■ Required work ■
From the records below, please print only the lines from the one containing "that develops endurance" through the one containing "love skipping and", both included. Skip the pictures.
Entries shown START
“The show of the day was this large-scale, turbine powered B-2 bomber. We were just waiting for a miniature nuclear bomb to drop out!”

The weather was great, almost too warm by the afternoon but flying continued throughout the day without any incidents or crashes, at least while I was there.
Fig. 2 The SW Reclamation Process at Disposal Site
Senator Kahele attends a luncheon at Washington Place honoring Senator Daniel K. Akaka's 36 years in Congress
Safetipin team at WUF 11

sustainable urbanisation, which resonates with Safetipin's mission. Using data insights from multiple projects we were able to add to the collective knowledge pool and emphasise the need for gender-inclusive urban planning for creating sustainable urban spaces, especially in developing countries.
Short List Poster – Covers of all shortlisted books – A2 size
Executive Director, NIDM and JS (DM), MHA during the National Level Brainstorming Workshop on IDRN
Entries shown END
Entries shown START
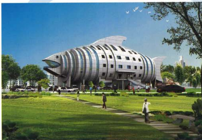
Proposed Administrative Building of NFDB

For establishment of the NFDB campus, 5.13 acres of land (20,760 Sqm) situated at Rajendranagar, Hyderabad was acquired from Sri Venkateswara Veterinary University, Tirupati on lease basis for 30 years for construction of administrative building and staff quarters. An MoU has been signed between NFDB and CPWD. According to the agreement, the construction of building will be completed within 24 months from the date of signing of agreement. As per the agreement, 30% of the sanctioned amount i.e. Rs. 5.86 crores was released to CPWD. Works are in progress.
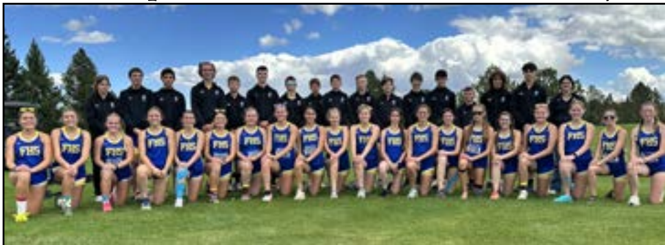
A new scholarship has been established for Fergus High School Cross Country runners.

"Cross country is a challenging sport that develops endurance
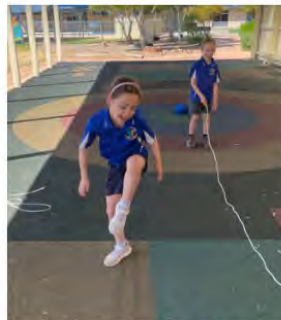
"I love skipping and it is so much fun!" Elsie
Entries shown END
■ Solution ■
"Cross country is a challenging sport that develops endurance
"I love skipping and it is so much fun!" Elsie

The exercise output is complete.